Yesterday in an ACBL robot tournament (#72) I made a Soloway Jump Shift. My robot partner then launched into RKCB and discovered that I had 0 or 3 "aces" (obviously, I had 3). But the robot tried to sign off just in case I had made a jump shift without any aces. The problem is that I didn't know how many aces my robot partner had. I bid 6NT and got a good board (83%). But 7NT would have been somewhat better (98%).

I held: ♠AQT ♥8 ♦AKQJ972 ♣J8. Robot held: ♠KJ85 ♥AJ652 ♦53 ♣A6

Complete auction: 1♥ p 3♦ p 4♣ p 4♦ p 4NT p 5♣ p 5♦ p 6NT p p p.

Is it possible to teach the robots this kind of deduction?

[Bbradley62]

Robot has fairly recently been instructed that when RKC responder has the greater of his two possible holdings, he will bid again. So, he knew what you had, but couldn't proceed over 6N. If you had bid 5♠, he would have known you had 3 keycards and might have asked for kings rather than signing off in 6, in which case you would have known he had both missing aces.

Edit: But it still looks like it's going to be hard for either of you to count to 13 tricks.

[beowulf]

Bbradley62, on 2014-June-23, 18:03, said:

Robot has fairly recently been instructed that when RKC responder has the greater of his two possible holdings, he will bid again. So, he knew what you had, but couldn't proceed over 6N. If you had bid 5♠, he would have known you had 3 keycards and might have asked for kings rather than signing off in 6, in which case you would have known he had both missing aces.

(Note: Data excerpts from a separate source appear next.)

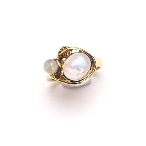 O Anel Langar é um design assimétrico com duas lindas Pedras da Lua. Simples e elegante, pode ser combinados com pulseiras e brincos de Pedra da Lua. Feito em Latão.
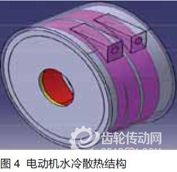 由于本文所述的電動(dòng)機(jī)結(jié)構(gòu)是與變速器集成一體化集成設(shè)計(jì),所以冷卻方式除了傳統(tǒng)的定子增加水冷套冷卻外,還可以考慮利用變速器內(nèi)部本身的被動(dòng)冷卻系統(tǒng)流動(dòng)的油液體對(duì)電動(dòng)機(jī)轉(zhuǎn)子軸心進(jìn)行冷卻,但是該種方案就面臨很多問(wèn)題,例如變速器內(nèi)部運(yùn)轉(zhuǎn)的潤(rùn)滑油的流量與壓力是否足夠,是否能使之在電動(dòng)機(jī)轉(zhuǎn)子內(nèi)部運(yùn)轉(zhuǎn)流動(dòng)起來(lái)、電動(dòng)機(jī)轉(zhuǎn)子進(jìn)行油冷卻是否效果明顯等。而接下來(lái)將對(duì)該兩種方案進(jìn)行具體溫度場(chǎng)分析和可行性分析。
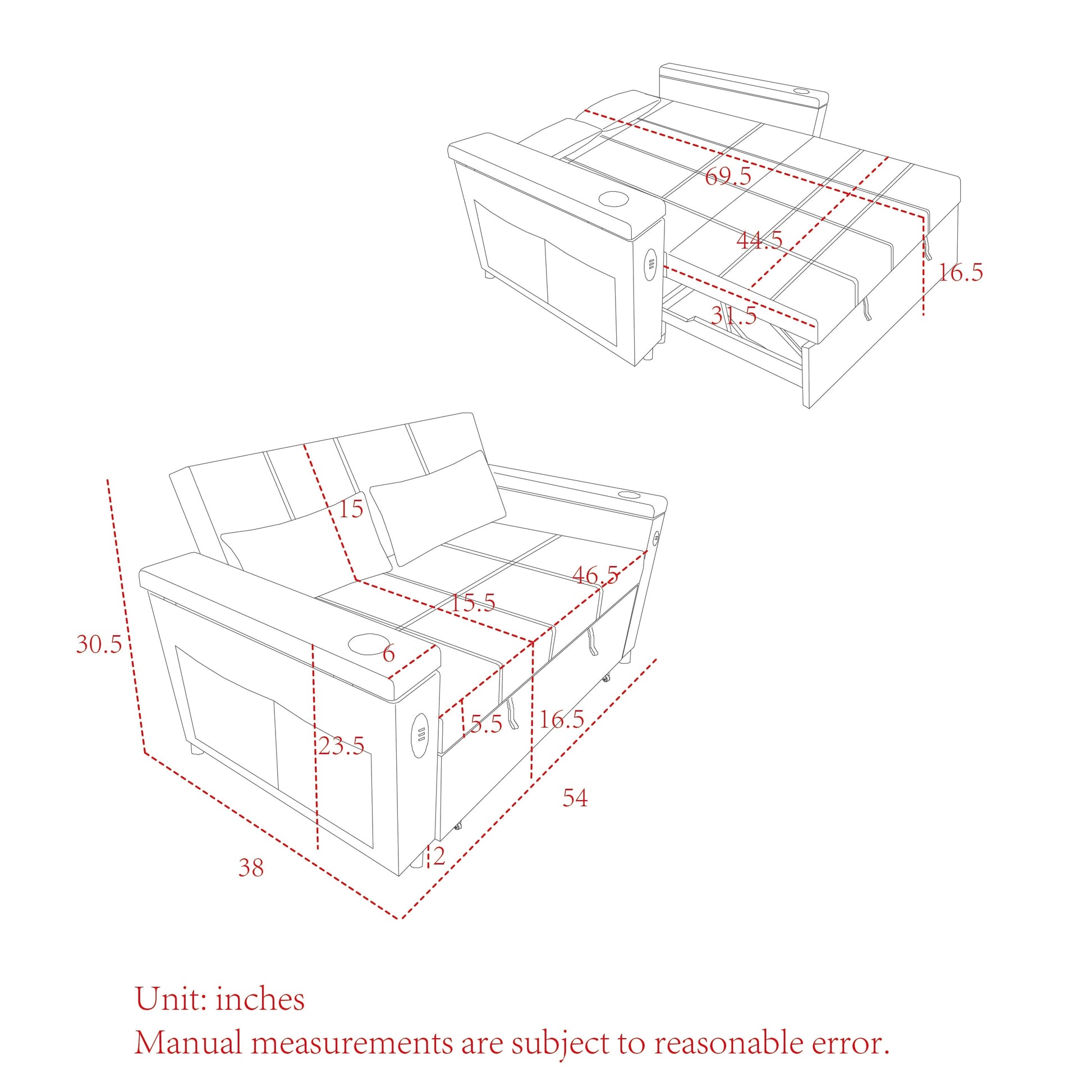 Les accoudoirs latéraux sont équipés d'un port d'alimentation USB, qui peut fournir des fournitures lorsque vous vous reposez ou êtes assis sur le canapé pour jouer à votre téléphone portable.
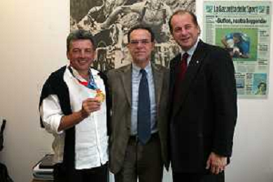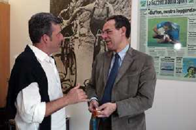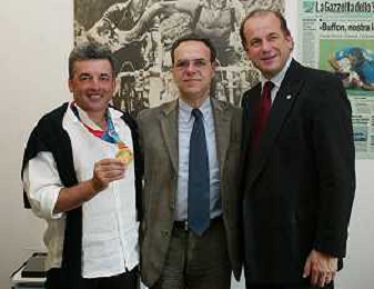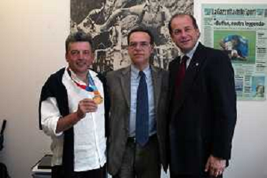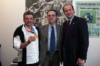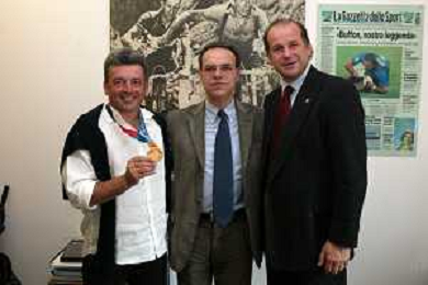 Milano 2 Maggio 2005 forum in redazione della gazzetta dello sport con Luciano Rossi presidente federazione tiro a volo e Andrea Benelli medaglia d'oro olimpiaca Atene 2004 NELLA FOTO ANTONIO DI ROSA DIRETTORE DELLA GAZZETTA DELLO SPORT CON ANDREA BENELLI foto Andry / Ag. Aldo Liverani
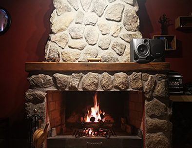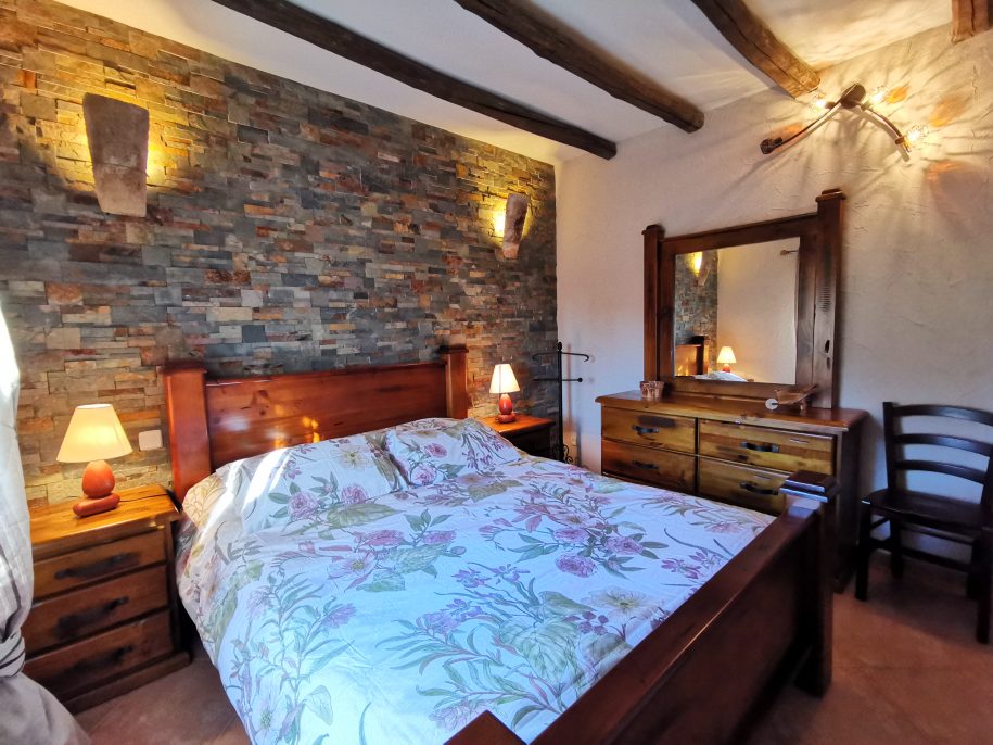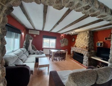 Amplia chimenea de piedra con repisa de madera, recogecenizas y todos los utensilios para su uso. Dispone además de salvachispas. Incluye leñera con troncos.
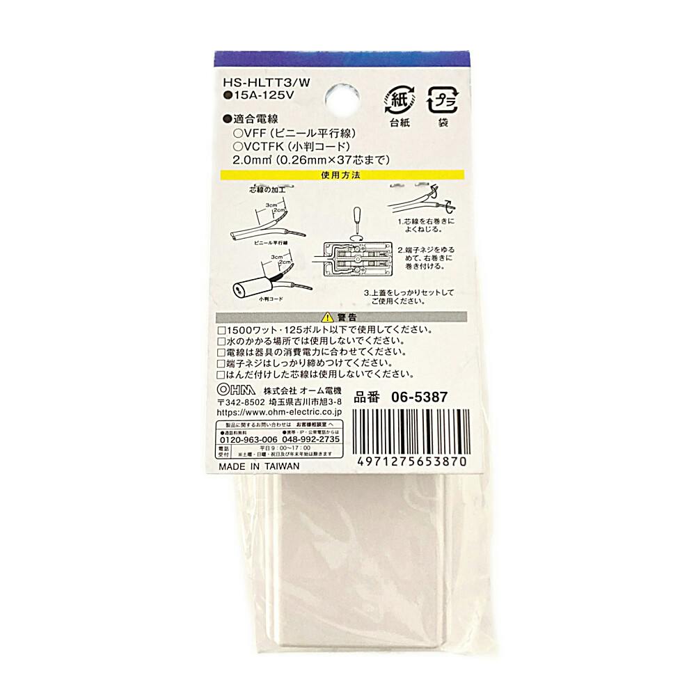 補修用 3口テーブルタップ ホワイト HS-HLTT3/W 06-5387
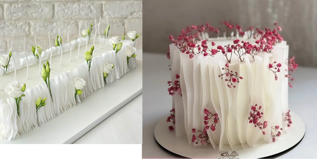 کیک مستطیل یک طبقه سه کیلویی با تزیین ویفر پیپر و گل صورتی که در عکس سمت راست هست. کیک برای تولده واسه همین نمیخوایم شبیه کیک نامزدی (عکس سمت چپ) بشه
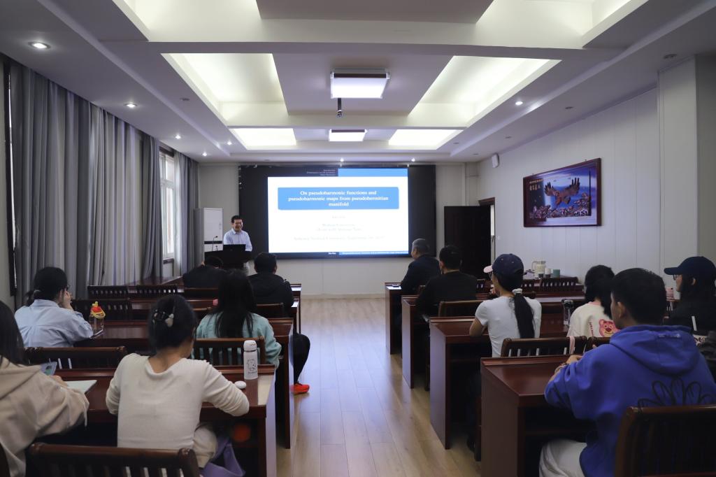 9月19日下午,应数学与统计学院邀请,武汉大学孙俊副教授在学院315会议室作了题为“On pseudoharmonic functions and pseudoharmonic maps from pseudohermitian manifold”的报告。报告会由数学与统计学院副院长韩英波教授主持,部分教师和研究生参加了此次报告会。
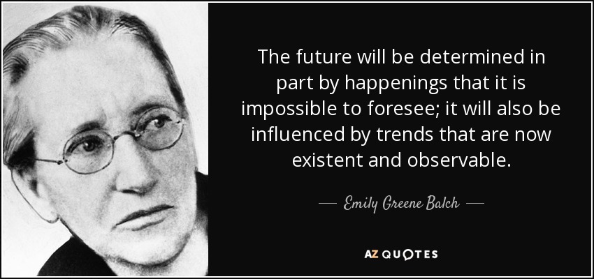 The future will be determined in part by happenings that it is impossible to foresee; it will also be influenced by trends that are now existent and observable.

Edit: But it still looks like it's going to be hard for either of you to count to 13 tricks.

True enough about the thirteen tricks, though if he'd found out I had ♠K and ♦Q by bidding 5♥ it would have helped. But my main point is that a hand that has jump-shifted must have at least one ace and 99% will have three or more key-cards.